Fuenteovejuna and Murder on the Orient Express

maybe I will stick to what I do best - reading!
Hi lady_charlie,

Actually, there is a bit of a difference with regard to the first example you cite. There was never any attempt on the part of Francis Ford Coppola to dismiss the fact that Apocalypse Now was based on the Conrad novel. He even used the same name, 'Kurtz', to drive the point home that this was based on the same theme as Heart of Darkness. If asked, as Rowling was, what inspired this movie I can imagine Coppola saying, "What? Are you kidding? Isn't it obvious?" Now, can you imagine Coppola saying, "I haven't any idea where my inspiration came from." In that event, wouldn't YOU be saying ... "What? Are you kidding? Isn't it obvious?" to Coppola?

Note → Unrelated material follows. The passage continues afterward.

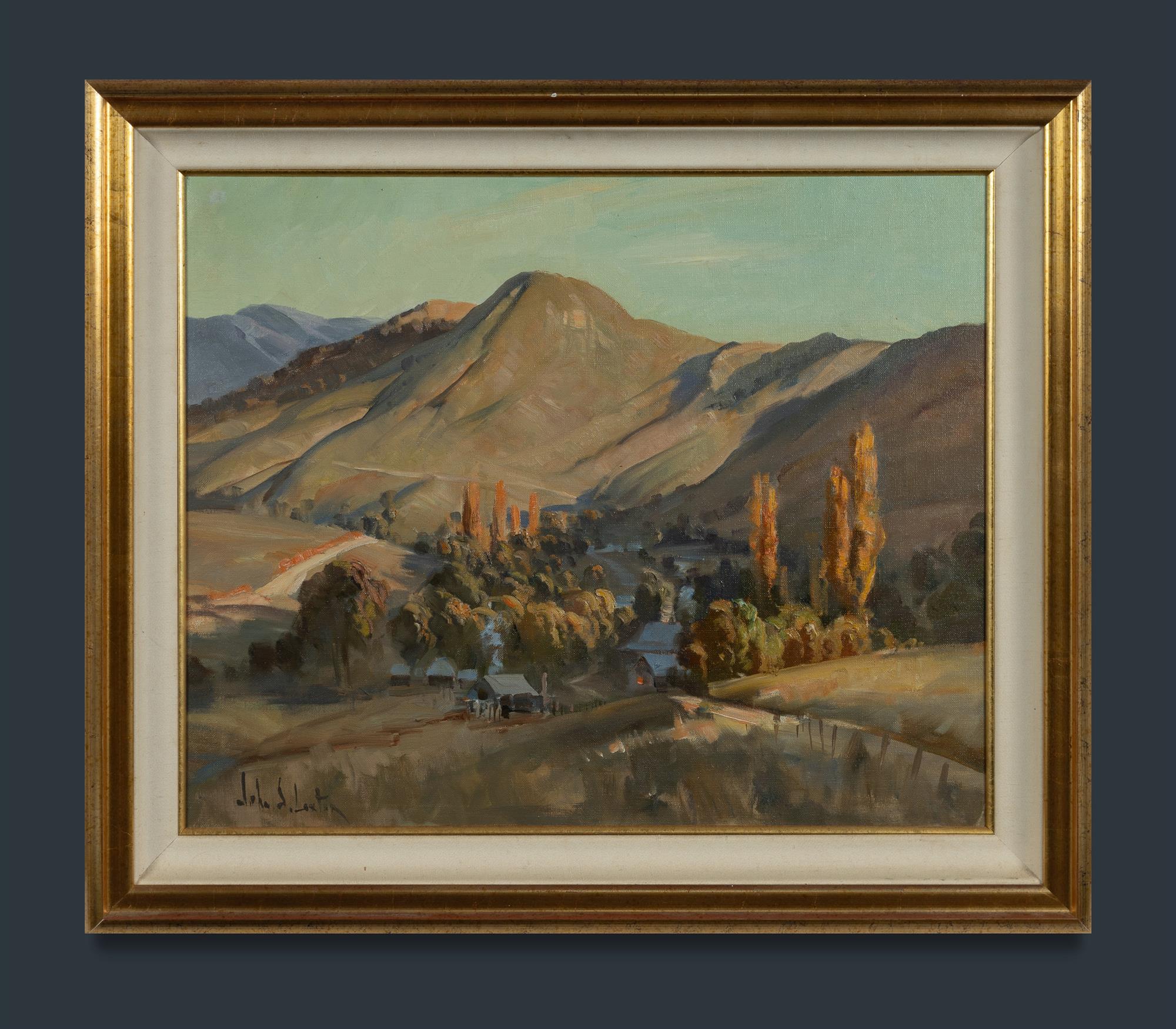 LOXTON, John S (1903-1969) Afternoon Light, Farm in a River Valley. Oil on Canvas on Board 53.5x66cmEstimate $400-600

Oh !!! Please don't give up on movies!!! If you haven't seen it do yourself a favor and pick up the movie, The Red Violin. This is a film which was not based upon a book, but if it had been it would have been a blockbuster best seller in my opinion. I am on a crusade to make sure everyone on the planet sees this movie *LOL*
Well, I didn't mean I was going to give up on movies, I meant I was going to refrain from writing the Great American Novel.

The Red Violin, eh?
I will look for that.

Hey - got another one. West Side Story and Romeo and Juliet.

Oh, I get why Apocalypse Now didn't fit - because Coppola did it on purpose.